Path planning method and robot

Technical Field

The invention belongs to the technical field of robots, and particularly relates to a path planning method and a robot.

Background

Currently, robots navigate indoors using technologies such as laser SLAM, visual VSLAM, IMU inertial navigation, alone or in combination. The navigation technology can realize the functions of mapping, navigation, area limitation and the like of the robot under an ideal state; the robot can also be helped to navigate, plan and run a path in a certain floor in the building.

However, the above navigation techniques are mostly based on the movement of the robot within one floor, so as to realize the path planning of one floor. When the robot relates to an upper floor and a lower floor, the robot cannot generally perform multi-floor path planning, can only perform path planning in the same floor, and completes a corresponding navigation task.

In addition, when planning a path in a building, auxiliary devices are usually added to assist the robot in positioning, such as wifi, bluetooth, RFID, UWB, etc., to provide the robot with relatively accurate position calibration information and to confirm the three-dimensional coordinates of the robot in the building.

The positioning method not only needs to additionally add accessories, but also improves the corresponding cost; but also greatly increases construction costs. In addition, since the positioning assistance information is limited by the transmission of wireless signals, the accuracy of positioning may be affected.

Disclosure of Invention

The invention aims to provide a path planning method and a robot, which can assist the robot in positioning without adding auxiliary equipment in the process of realizing multi-floor path planning; the equipment cost and the construction cost are greatly reduced; and the phenomenon that positioning accuracy is influenced due to wireless transmission of positioning auxiliary information is avoided.

The technical scheme provided by the invention is as follows:

the invention provides a path planning method, which comprises the following steps: acquiring geomagnetic data of the current position of the robot, and converting the geomagnetic data into three-dimensional coordinate information; identifying whether the current floor where the robot is located is consistent with a target floor or not according to the three-dimensional coordinate information; and when the current floor where the robot is located is not consistent with the target floor, planning a multi-floor planning path of the robot.

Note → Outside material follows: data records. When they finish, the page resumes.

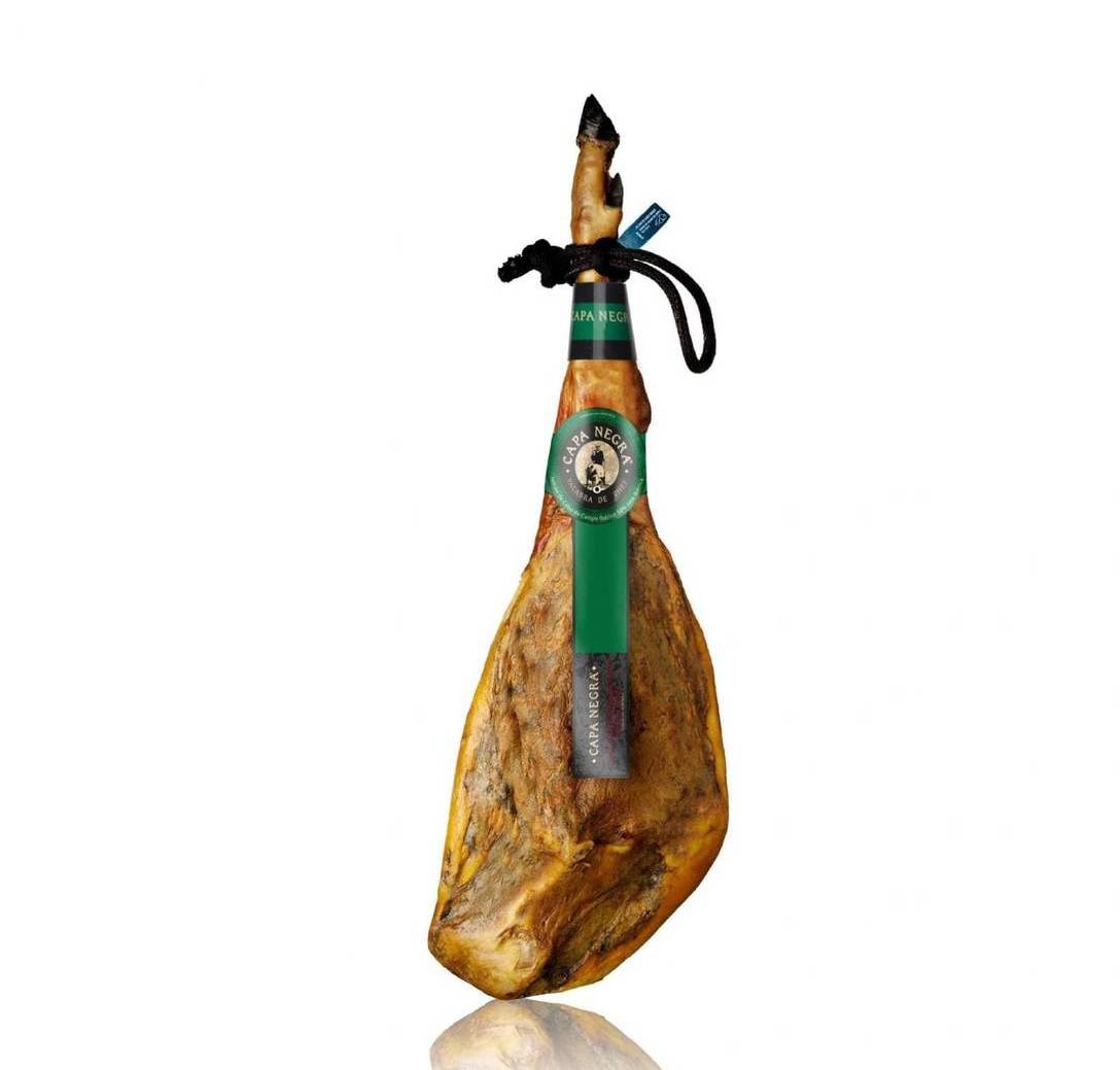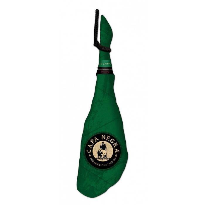 La compañía Consorcio de Jabugo, ubicada en la provincia de Huelva (Andalucía), elabora este buenísimo jamón de cebo de campo con un 50% de raza ibérica, entero con hueso y con un peso comprendido entre 7 y 7,5 Kg, bajo la marca Capa Negra.
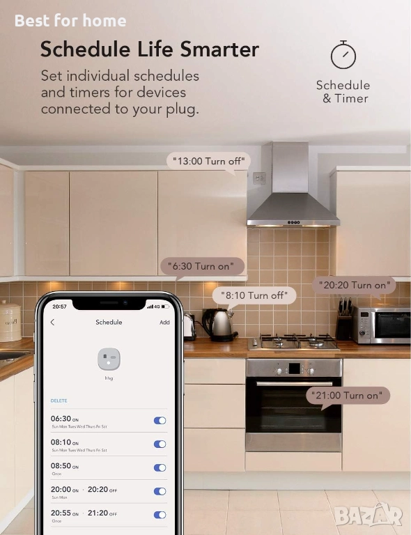 Правилна настройка на рутината – С приложението Smart Life можете да контролирате домакинските си уреди безпроблемно, като задавате автоматични часове и планове за деня, така че вашите устройства (като лампи, отопление и кафемашина и др.) да могат да се включват и изключват независимо, внасяйки комфорт и ефективност в живота ви.
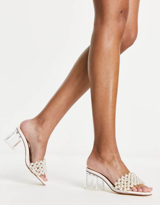Mules de novia blancas con diseño de perlas de Truffle Collection
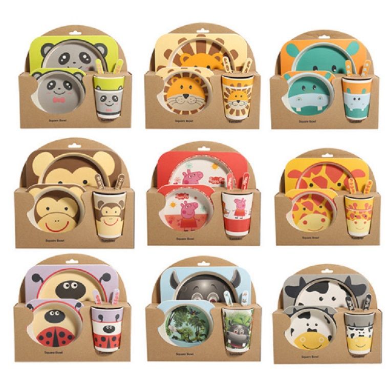 Questo set da tavola per bambini è realizzato in fibra di bambù e consiste di 5 pezzi.
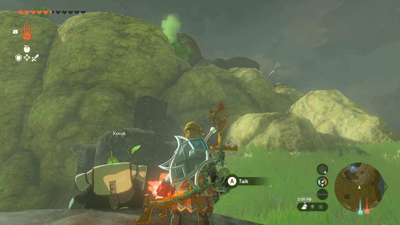 - Time for a Korok delivery. The trip begins northeast of Sonapan Shrine, at the coordinates (-1796, -0318, 0119). The Korok is down the hill, and the friend is right up the hill. There are a few platforms you can glue together with Ultrahand. I used a balloon and a flame emitter, two items I already had on me, to lift the Korok up. Then, with Ultrahand once more, I dropped the Korok at the campfire. The Korok fell off, but using Recall worked. Of course, that’s only one option, but in case it helps. You’ll then culminate at the coordinates (-1846, -0330, 0162), getting two seeds for your trouble.
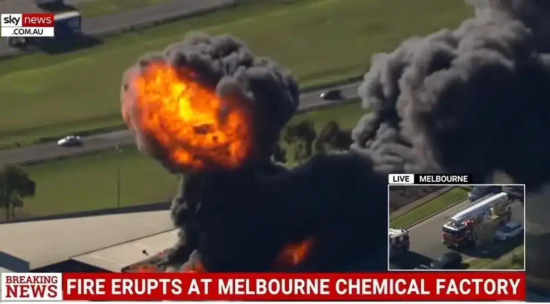 Μελβούρνη: Την Τετάρτη το πρωί, μια από τις μεγαλύτερες πυρκαγιές των τελευταίων δεκαετιών ξέσπασε στα δυτικά, σε εργοστάσιο επεξεργασίας χημικών. Η πυρκαγιά συνοδεύτηκε από ισχυρή έκρηξη, που προκλήθηκε από ανάφλεξη αποθηκευμένων χημικών, με αποτέλεσμα να εκτιναχθούν συντρίμμια σε μεγάλη απόσταση και να ξεσπάσουν μικρότερης έντασης εκρήξεις.
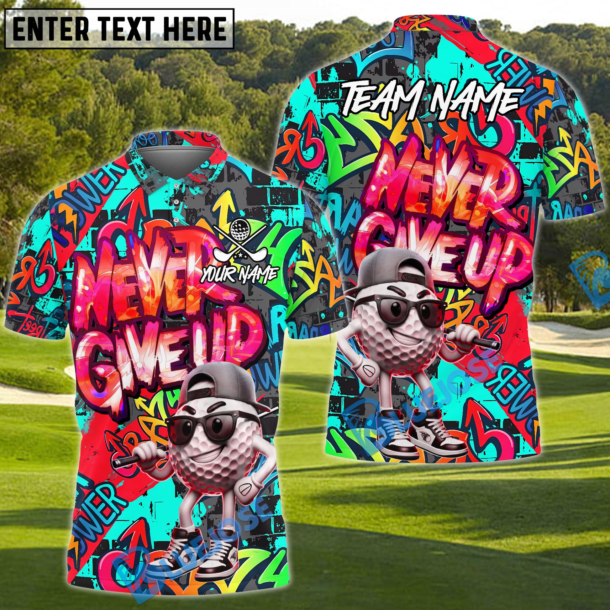 BlueJose Never Give Up Graffiti Golf Shirt Customized Name, Team Name 3D Shirts (4 Colors)

Further preferably, the planning the multi-floor path of the robot specifically includes: determining the current floor key position of the current floor, and planning a same-floor planning path from the current position to the current floor key position of the robot on the current floor; and determining a target floor key position of the target floor, and planning a same-floor planning path from the target floor key position to the target position of the robot on the target floor.

Further preferably, before the recognizing whether the current floor where the robot is located is consistent with the target floor according to the three-dimensional coordinate information, the method further includes: and analyzing the target floor where the preset target position is located according to the preset target position.

Preferably, the method further comprises the following steps: and when the current floor where the robot is located is consistent with the target floor, planning a path planned by the robot on the same floor from the current position to the target position on the current floor.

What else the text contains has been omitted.